A poet is a rock star without the sex’n’drugs, or the rock’n’roll. But that never stopped Simon Armitage dreaming, and in Gig, he explores how music and the muse intertwine in work and in life. Crammed with stories, anecdotes, jokes, absurdities, the odd informal homily, pitfalls and pratfalls (not all the author’s own), Yorkshire life and death, Gig is about the dream and reality of what you are, and what you might have been.

A really warm, uncynical and refreshing view of the life poetic with stories of being out on the road interspersed with musical reminiscences. Very enjoyable. The only gripe about the otherwise impeccable musical selection is the author’s eventual caving in to the pressures of the Bob Dylan hegemony.

3 star





Grounded

11 11 2009

Gone to Ground by John Harvey

(Actually read this some time ago) Not a Resnick one but very good nevertheless.

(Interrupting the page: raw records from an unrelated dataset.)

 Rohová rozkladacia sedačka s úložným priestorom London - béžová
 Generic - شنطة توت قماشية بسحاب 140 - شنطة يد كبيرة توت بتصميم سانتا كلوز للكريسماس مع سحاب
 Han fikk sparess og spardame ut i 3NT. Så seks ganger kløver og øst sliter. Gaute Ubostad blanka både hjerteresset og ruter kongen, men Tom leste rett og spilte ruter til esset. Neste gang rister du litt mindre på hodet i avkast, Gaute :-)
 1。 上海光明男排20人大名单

Will’s first thought when he saw the man’s face: it was like a glove that had been pulled inside out…Stephen Bryan, a gay academic, is found brutally murdered in his bathroom. Will Grayson and Helen Walker, police detectives investigating the case, at first assume that his death is the result of an ill-judged sexual encounter: rough trade gone wrong. But doubts are soon raised. Bryan’s laptop has gone missing – could the murder be connected to a biography he was writing on the life and mysterious death of fifties screen legend, Stella Leonard? Convinced there’s a link, Bryan’s sister Lesley sets out to prove that Bryan had uncovered a dangerous truth, and that – desperate to keep it hidden – Stella Leonard’s rich and influential family have silenced him. But soon both Lesley and Helen Walker find themselves victims of the violence that swirls around them, as gradually the investigation uncovers the secrets of a family corrupted by lust, wealth and power…

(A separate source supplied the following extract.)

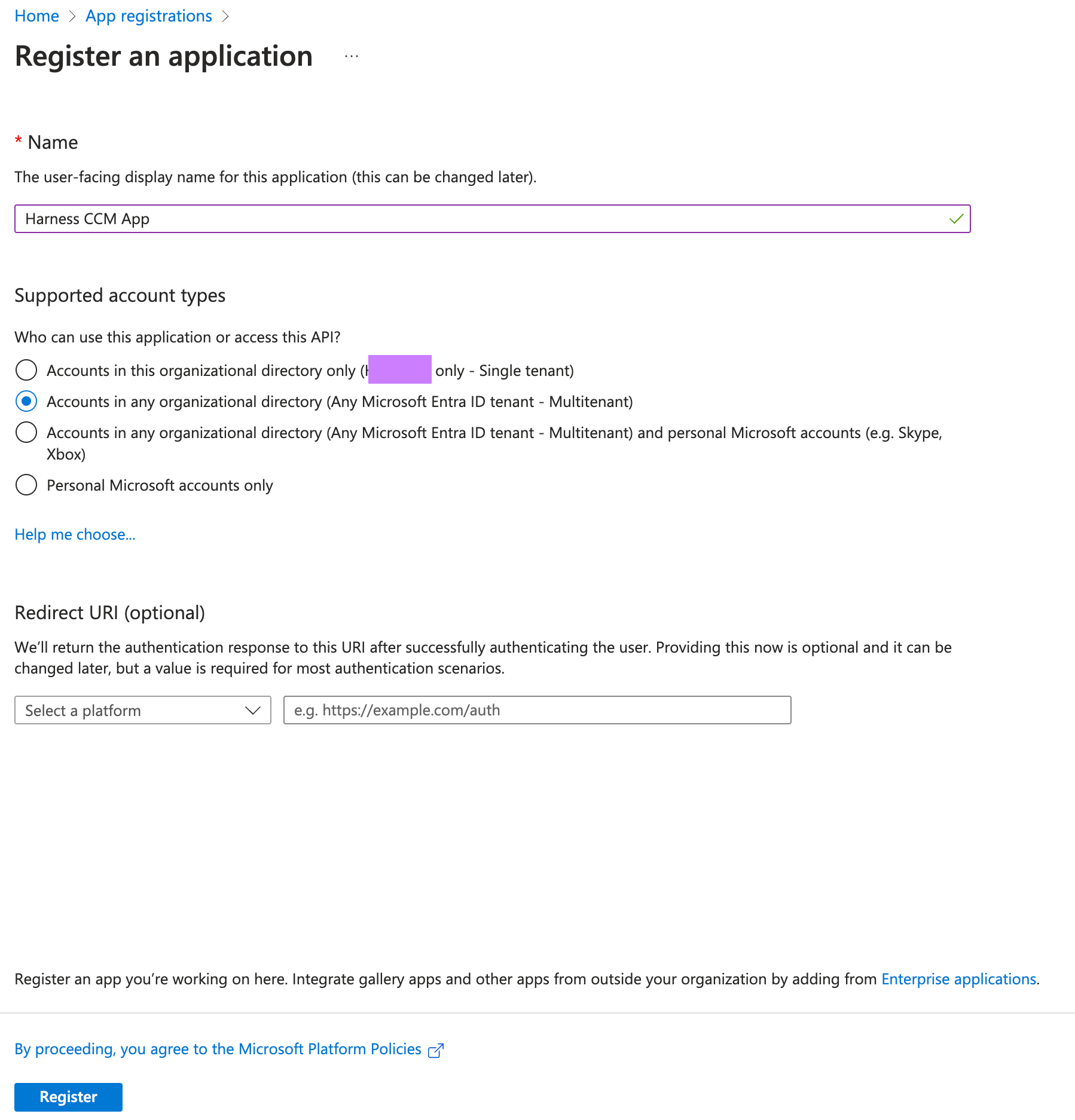 5. Click on Register. For more information, go to Quickstart: Register an App.

One of the more recent ones and I think this was in fact the first Harvey I picked up. Mainly set in Cambridge rather than Nottingham but some of the characters do cross over from Resnick series. Really is rather good – well-paced, well-plotted and just an entertaining read.

3 star





Headway

5 11 2009

The Maintenance of Headway by Magnus Mills

Maintenance

‘It’s a matter of procedure,’ I explained. ‘Strictly for the record. You don’t get sacked from this job unless you did what Thompson did.’ ‘What did he do then?’ ‘We never mention it.’ In Magnus Mills’ brilliant short novel he transports us into the bizarre world of the bus drivers who take us to work, to the supermarket, to the match and home again. It is a strange but all too real universe in which ‘the timetable’ and ‘maintenance of headway’ are sacred, but where the routes can change with the click of an inspector’s fingers and the helpless passengers are secondary. The journey from the southern outpost to the arch, the circus and the cross will seem as familiar as your regular route, but then Magnus Mills shows you the almost religious fervour which lies behind it, and how it is fine to be a little bit late but utterly unforgivable to be a moment early.

Very reminiscent of The Scheme for Full Employment but none the worse for that. Mills writes in a cool, deadpan style and delivers a surreal tale of the strange life on the buses which is compellingly realised and never dull.